Далевский же словарь слово «киевица»
в значении «ведьма» фиксирует в тверском
и псковском диалектах. Хтоническое
начало едва ли не заслоняет сакральное,
которое продолжает доминировать в
официальной идеологии; Киев с конца
XVIII века прочно погружается в сон,
рождающий чудовищ.
Где-то
здесь и проходит принципиальная развилка
между русским и украинским образами
Киева (Гоголь, как всегда, на распутье).
Если в русской традиции Киев замер в
абсолютном прошлом, заснул вечным сном
(золотым или кошмарным), превратился в
священное кладбище, то в украинской —
сакральный и древний образ города скорее
остается вне времени: с такой точки
зрения современный Киев, суетливый и
профанный, оказывается лишь еще одним
звеном той неразрывной цепи, которая
началась, согласно Нестору, еще во
времена апостола Андрея.

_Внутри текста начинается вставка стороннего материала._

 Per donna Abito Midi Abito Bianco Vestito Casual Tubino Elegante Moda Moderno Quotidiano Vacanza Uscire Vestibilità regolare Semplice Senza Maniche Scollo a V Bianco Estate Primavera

Такая
двойственность образа Киева обусловлена
прежде всего реальной историей города,
в котором периоды стремительного взлета
сменялись десятилетиями упадка и
погружения во внеисторическую
неподвижность (после монгольского
нашествия, после ликвидации гетманщины).
Торгово-промышленный
подъем Киева во второй половине XIX века
вызывает к жизни совсем другой образ
Киева в культурном пространстве. Город
этот жив, и очень жив, тема киевской
святости трактуется весьма иронически,
в чем совпадают и русско- и украиноязычные
традиции, если они представляют точку
зрения местного жителя, а не досужего
путешественника («Тучи» И. Нечуй-Левицкого,
1874; «Печерские антики» Н. Лескова, 1883).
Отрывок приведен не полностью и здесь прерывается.